Tesla Goes Ahead and Admits Its Robotaxis Are Sometimes F...
Waymo takes solid pains to never describe its vehicles as giving up autonomy completely.
What’s Happening
So basically Waymo takes solid pains to never describe its vehicles as giving up autonomy completely.
Tesla robotaxis are not necessarily operating without a human in the loop, even its small number of unsupervised robotaxis that lack safety operators . If you’re a self-driving car fan, that reflects a deflating fact of life about the current state of autonomous vehicles: the companies operating them still don’t trust them on the roads without occasional button pushes from a flesh-and-blood human sitting at a desk somewhere. (and honestly, same)

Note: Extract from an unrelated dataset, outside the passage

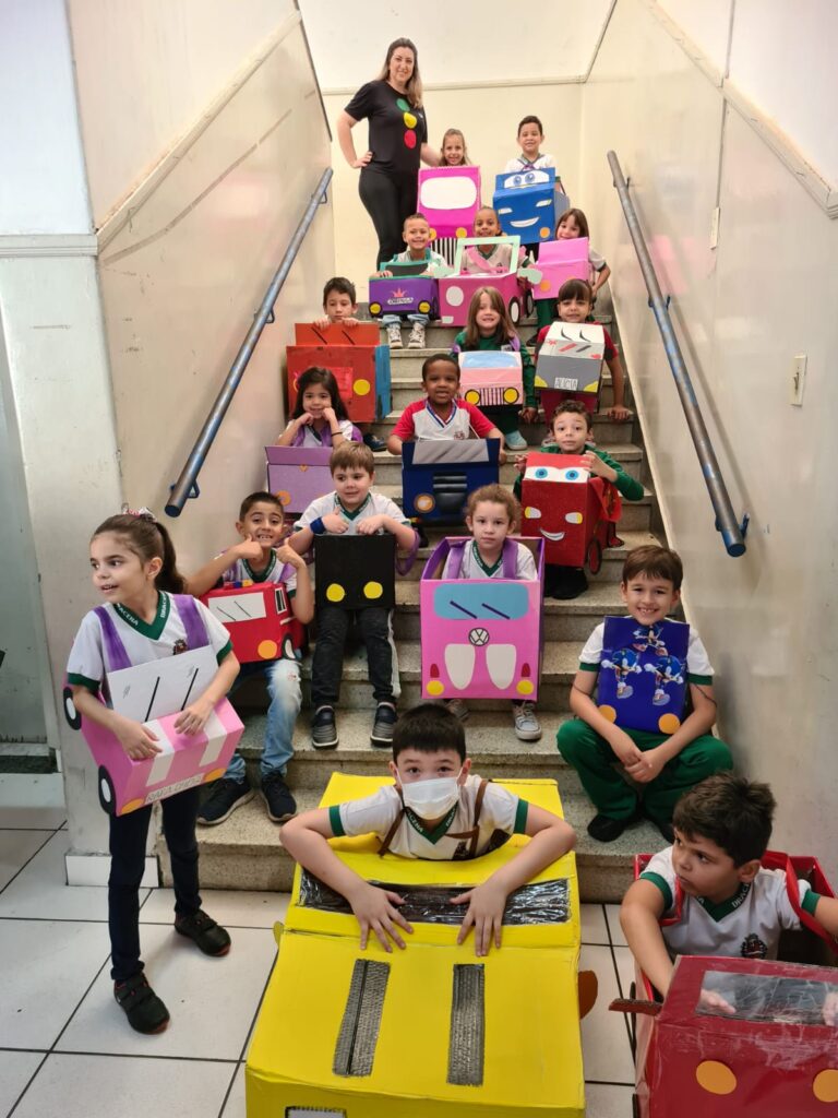 O grupo de crianças saiu caminhando da escola até a Prefeitura, acompanhados de professoras e demais integrantes da equipe escolar, vestidos de ‘carros de papelão’, feitos por eles próprios com explicações das professoras e apoio das famílias e aproveitaram para colocar em prática todo aprendizado sobre as regras do trânsito.

But Tesla appears to be unique among its competitors when it comes to the extent to which its vehicles occasionally rely on humans.
The Details
That is to say: they occasionally surrender control to them completely . Karen Steakley, director of public policy and business development at Tesla, just divulged this in a letter to Senator Ed Markey , a Democrat representing Massachusetts (as first reported by Wired ).
Human operators, Steakley wrote, “are authorized to temporarily assume direct vehicle control as the final escalation maneuver after all other available intervention actions have been exhausted. ” Competitors like Waymo say they allow humans to play a role in the operation of a vehicle on the road, but a more limited one, and they take solid pains to make this distinction.
Why This Matters
Waymo’s description of what went wrong last year when its vehicles seemed to have a widespread meltdown during a blackout in San Francisco touched on this, for instance. The issue involved a large number of Waymo vehicles encountering four-way stoplights that were blacked out, and sending an unmanageable number of confirmation requests to human workers with Waymo’s “ fleet response ” division, which we now know is largely based in the Philippines . According to Waymo’s public relations materials online, rather than, say, “steering” the vehicle remotely, perhaps with a joystick, fleet response workers see camera feeds and 3 D representations of the Waymo vehicle’s position within its environment and give feedback.
Tech companies have been making moves like this as competition heats up.
The Bottom Line
According to Waymo’s public relations materials online, rather than, say, “steering” the vehicle remotely, perhaps with a joystick, fleet response workers see camera feeds and 3 D representations of the Waymo vehicle’s position within its environment and give feedback.